Day 12: Inspiration

The word of the LORD which came to Micah of Moresheth in the days of Jotham, Ahaz and Hezekiah Micah 1:1


Came – How do you receive communication today? Well, first there’s e-mail. You’re reading one right now. I could have sent you a letter, or called you on the phone, or sent a telegram (how quaint), or traveled to your house and told you in person. Does this help me understand how God communicates His message? That’s the issue that confronts us with the doctrine of inspiration. How does God communicate exactly what He wants to say to human beings?

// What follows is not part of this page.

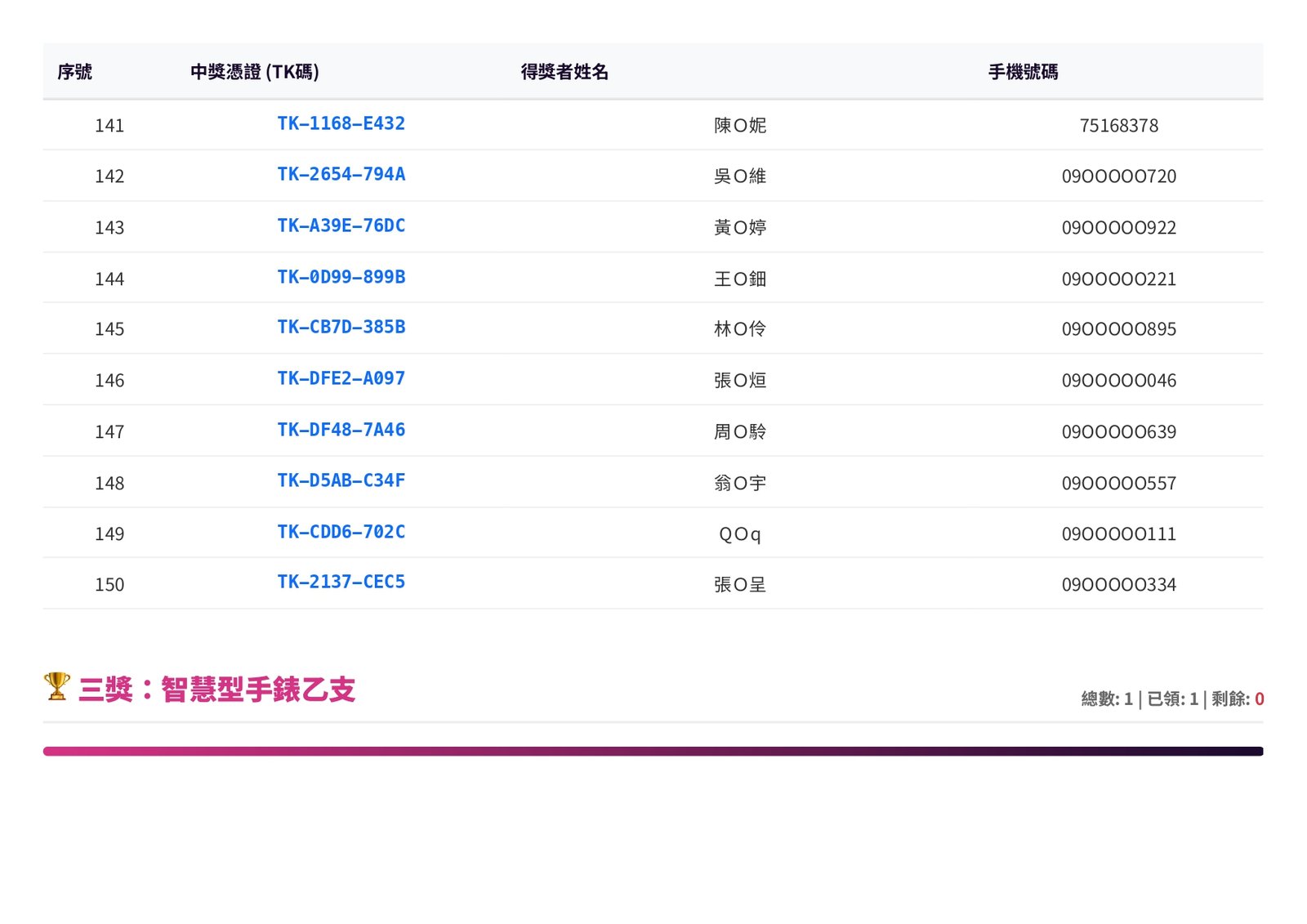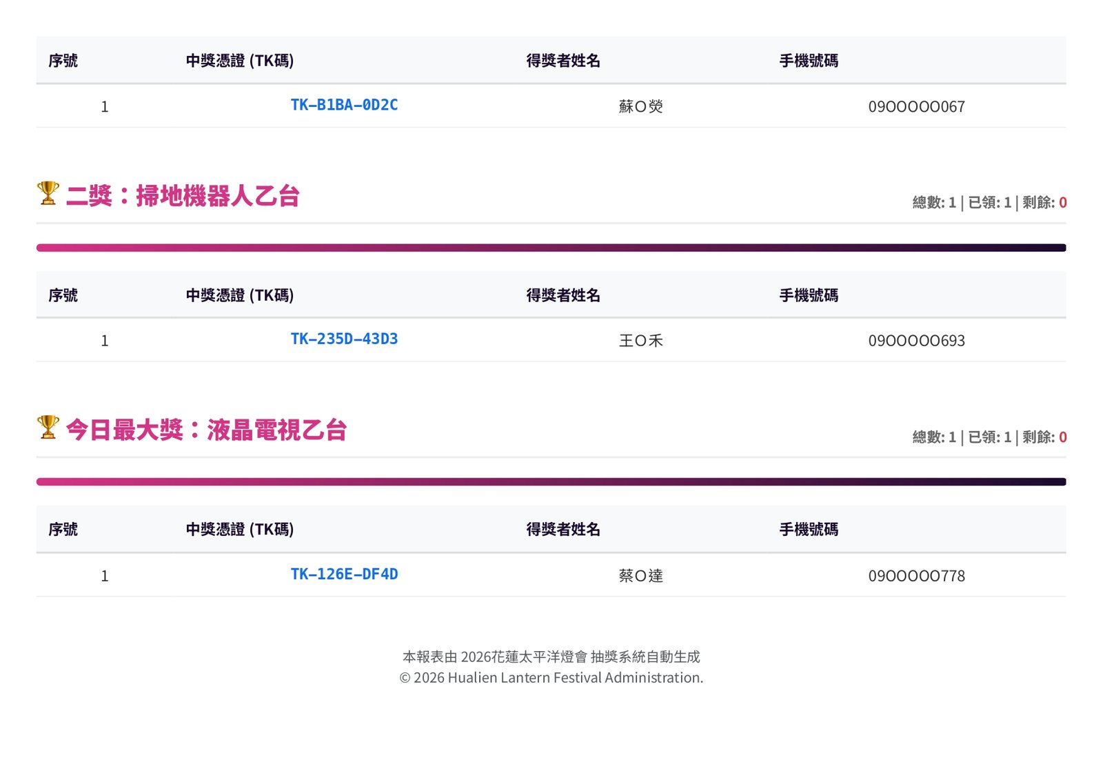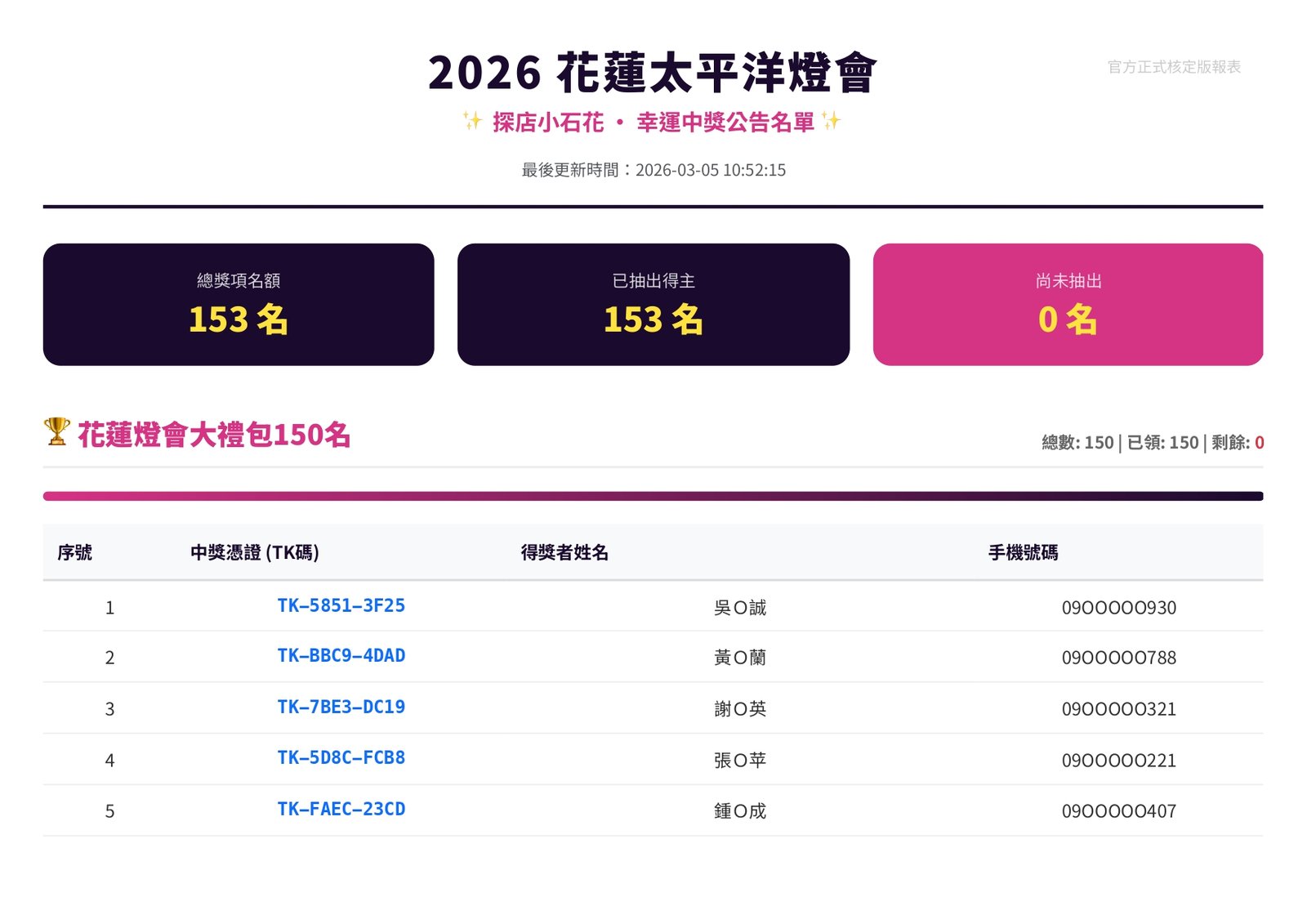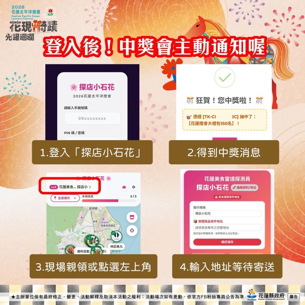 0 查詢中獎 元宵抽大獎|得獎名單出爐 ♞花現騎蹟|光躍洄瀾♞ 元宵抽大獎|得獎名單出爐!快來看看幸運兒是不是你 花生編提醒:元宵晚會的 抽大獎得獎名單已經公布啦!快點打開『探店小石花』網址看看,說不定幸運兒就是你~ 得獎者請依照下方步驟填寫資料: 點開『探店小石花』網址確認是否中獎https://reurl.cc/6GgV5y 依圖示操作,填寫寄送資訊 確認資料送出,就完成啦! 小編收到資料後,就會陸續為大家寄出獎品囉~ 重要提醒得獎者請在 1 個月內完成資料填寫,逾期未填寫者將視同放棄得獎資格,請大家記得把握時間唷!得獎名單同步公佈在2026花蓮太平洋燈會官網‧˚₊☆ .・°‧˚₊☆ .・°‧˚₊☆ .・°‧˚₊☆ .・°‧˚₊☆ °‧˚₊☆ .・° 2026 花蓮太平洋燈會 ♞花現騎蹟・光躍洄瀾♞ 活動地點|花蓮市日出大道(重慶市場、東大門夜市旁) 活動日期|2026.02.07(六)– 03.08(日) 活動時間|每晚 18:00 – 22:00 ( 2/16 除夕休息 ) 更多活動訊息請見官網 https://lantern.hl.gov.tw————— 還沒追蹤?快鎖定我們 「花蓮觀光粉絲團」FB https://reurl.cc/dqv7E6IG https://reurl.cc/aM71oDThreads https://reurl.cc/EbaGEa花蓮旅遊小助理 https://hualien.travel/ai-service/ 主辦單位保有活動最終解釋權#花蓮 #2026花蓮燈會 #花現騎蹟光躍洄瀾 #元宵抽獎名單 #幸運兒 #記得領獎 2026花蓮太平洋燈會TheLuminousWeBloom光之藝術節花現騎蹟光躍洄瀾花蓮山海之光花蓮旅遊

This Hebrew verb for “came” in the above verse gives us a clue, but it is certainly not what we were expecting. You see, the verb is not bo’ (“to come to a place, to arrive”). It is hayah, and hayah means “to exist, to be, to become, to happen.” The translation, “the word of the Lord came to,” isn’t quite right. The word did not arrive like this message you’re reading. God’s word came into existence in Micah; it happened to him. And here’s the best part. This verb, hayah, is the same verb that is behind the name of God, Yahweh. YHWH (from Exodus 3:14) is the great I AM. God’s very personal name is tied to the verb “to be.” His word is manifested into existence by the same mysterious process that all existence becomes what it is. Would you have expected anything less?

Does this help us understand divine inspiration? Yes, and no. Yes, it makes perfect sense that God’s creative process is behind His word manifesting itself in Micah – and in lots of other people. However it happens, it has God as its origin. So, Paul tells us that all Scripture is God-breathed. Of course it is! That’s how God created us. But, this doesn’t really help us answer the question, “How?” That’s because we have no more rational explanation for how life began than we do for how inspiration occurs. It is the question that is wrong, not the answer. The question assumes that there is some clearly defined, specific, rational process that can be dissected, analyzed, and replicated. The question is Greek. It is a request for technical information. But the Hebrew concept is organic. It is a description about how the happening appears to Micah, not a description about a technical manual on God’s communication.

Why is this important (other than to theologians)? Well, how many times have you heard someone say, “God spoke to me,” or “God told me”? Did they mean that God whispered something in the ear? Or did they mean that somehow, by some mysterious means, God’s word became a reality in them?

Did you think that God stopped being manifested when the last of the apostles died? If that were the case, why would Paul (and others) provide us with instructions to test what is revealed? What is in Scripture is the complete standard and accepted rule of practice for believers, but inspiration continues. God is not silent. He is still being God.